GOAL OF THE EXERCISE: Your answer should hold every line of the records below that contains the string "access".

RECORDS FOR PROCESSING:
────────────────

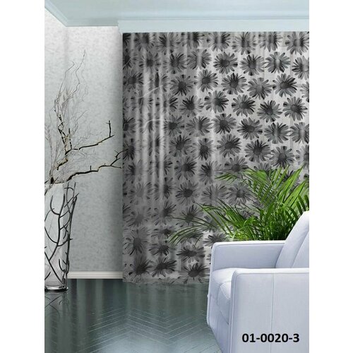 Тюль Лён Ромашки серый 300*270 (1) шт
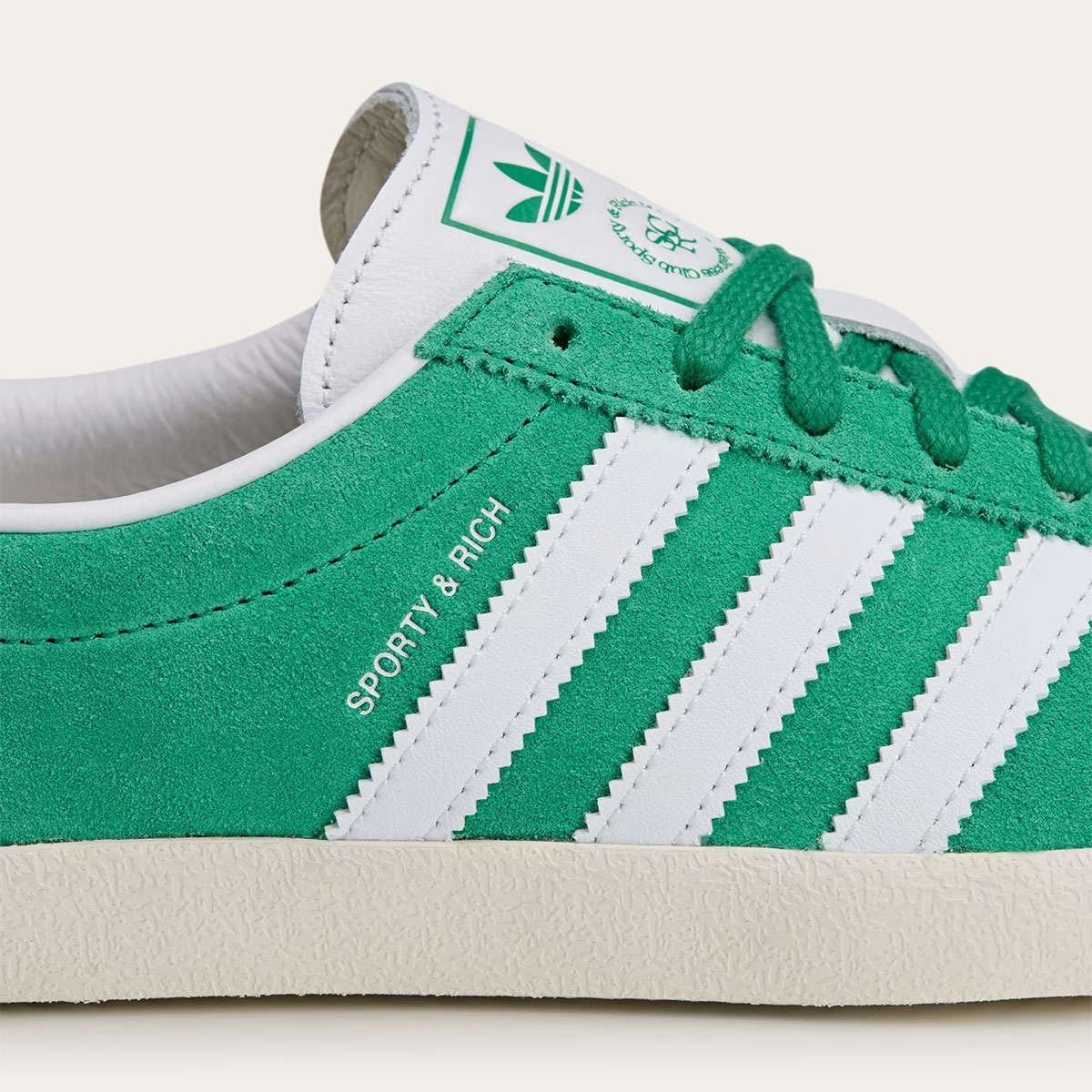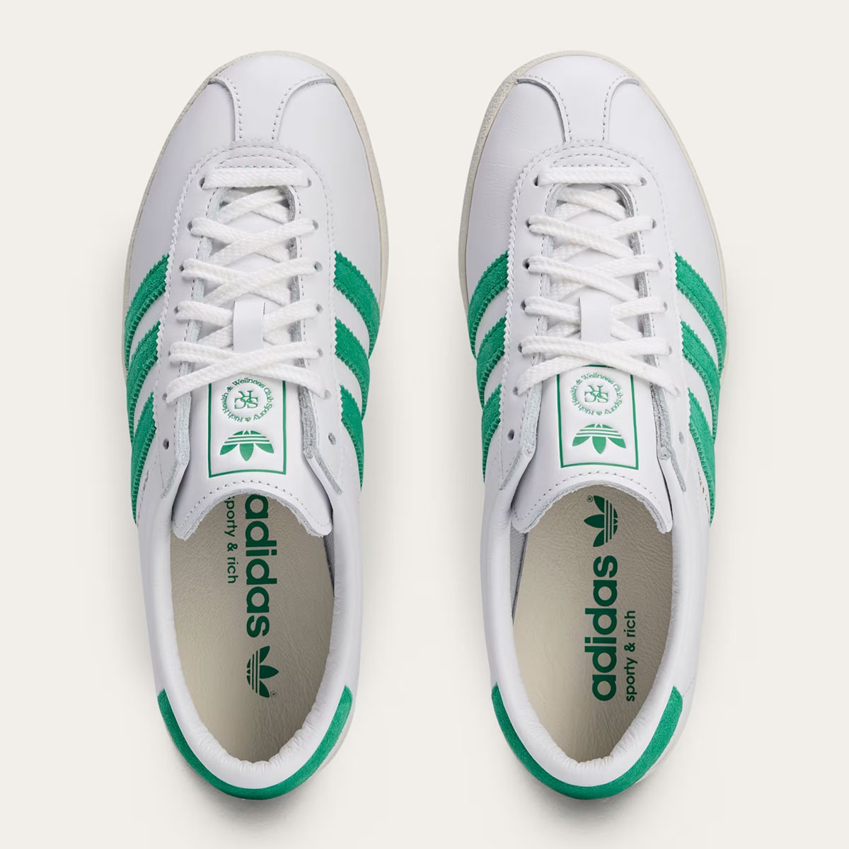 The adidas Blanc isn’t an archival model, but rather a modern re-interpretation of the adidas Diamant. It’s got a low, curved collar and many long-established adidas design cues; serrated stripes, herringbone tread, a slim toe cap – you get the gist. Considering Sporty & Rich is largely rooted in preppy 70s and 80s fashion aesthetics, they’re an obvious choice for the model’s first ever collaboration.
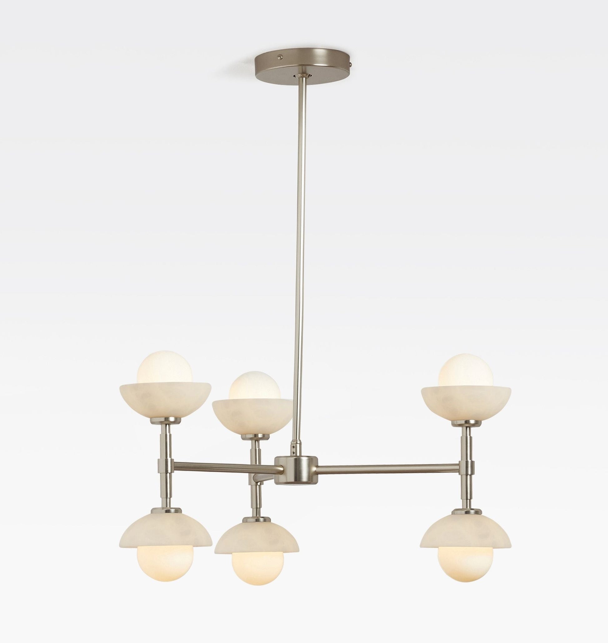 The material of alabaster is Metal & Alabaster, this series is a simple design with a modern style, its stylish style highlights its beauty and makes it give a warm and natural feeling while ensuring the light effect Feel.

────────────────

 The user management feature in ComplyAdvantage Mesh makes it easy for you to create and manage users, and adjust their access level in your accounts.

────────────────

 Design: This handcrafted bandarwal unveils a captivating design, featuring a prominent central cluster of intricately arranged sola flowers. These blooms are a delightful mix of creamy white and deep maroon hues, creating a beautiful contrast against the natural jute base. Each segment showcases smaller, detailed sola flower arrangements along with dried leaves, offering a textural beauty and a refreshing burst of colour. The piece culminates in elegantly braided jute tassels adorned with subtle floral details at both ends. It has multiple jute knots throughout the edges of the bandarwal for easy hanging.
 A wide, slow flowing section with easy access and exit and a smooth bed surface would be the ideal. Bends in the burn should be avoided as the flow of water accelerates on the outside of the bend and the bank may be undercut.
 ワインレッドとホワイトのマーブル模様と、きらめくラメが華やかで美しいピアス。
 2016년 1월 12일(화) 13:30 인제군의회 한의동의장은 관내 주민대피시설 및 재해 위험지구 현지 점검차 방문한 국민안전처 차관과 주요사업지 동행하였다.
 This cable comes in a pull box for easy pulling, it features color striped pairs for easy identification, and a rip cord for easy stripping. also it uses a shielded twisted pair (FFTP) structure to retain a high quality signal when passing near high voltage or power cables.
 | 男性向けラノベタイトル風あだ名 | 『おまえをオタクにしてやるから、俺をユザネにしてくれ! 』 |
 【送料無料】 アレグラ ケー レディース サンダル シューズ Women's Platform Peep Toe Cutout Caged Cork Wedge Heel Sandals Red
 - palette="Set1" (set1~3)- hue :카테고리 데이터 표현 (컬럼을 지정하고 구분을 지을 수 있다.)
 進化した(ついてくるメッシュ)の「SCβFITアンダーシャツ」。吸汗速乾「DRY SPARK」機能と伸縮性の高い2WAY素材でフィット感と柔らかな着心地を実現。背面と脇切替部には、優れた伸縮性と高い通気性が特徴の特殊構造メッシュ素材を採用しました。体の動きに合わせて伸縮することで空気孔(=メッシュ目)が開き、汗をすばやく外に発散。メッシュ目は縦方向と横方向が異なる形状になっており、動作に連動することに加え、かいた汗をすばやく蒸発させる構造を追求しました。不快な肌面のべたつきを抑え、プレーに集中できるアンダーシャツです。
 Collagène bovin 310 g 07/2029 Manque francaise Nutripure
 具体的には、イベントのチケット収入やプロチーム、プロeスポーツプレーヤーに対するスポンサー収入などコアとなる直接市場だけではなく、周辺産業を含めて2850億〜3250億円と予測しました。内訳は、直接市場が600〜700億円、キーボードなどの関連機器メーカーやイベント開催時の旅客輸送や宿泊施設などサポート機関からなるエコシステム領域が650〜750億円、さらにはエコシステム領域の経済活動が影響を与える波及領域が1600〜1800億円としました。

────────────────

RESULT OF THE EXERCISE:
 The user management feature in ComplyAdvantage Mesh makes it easy for you to create and manage users, and adjust their access level in your accounts.
 A wide, slow flowing section with easy access and exit and a smooth bed surface would be the ideal. Bends in the burn should be avoided as the flow of water accelerates on the outside of the bend and the bank may be undercut.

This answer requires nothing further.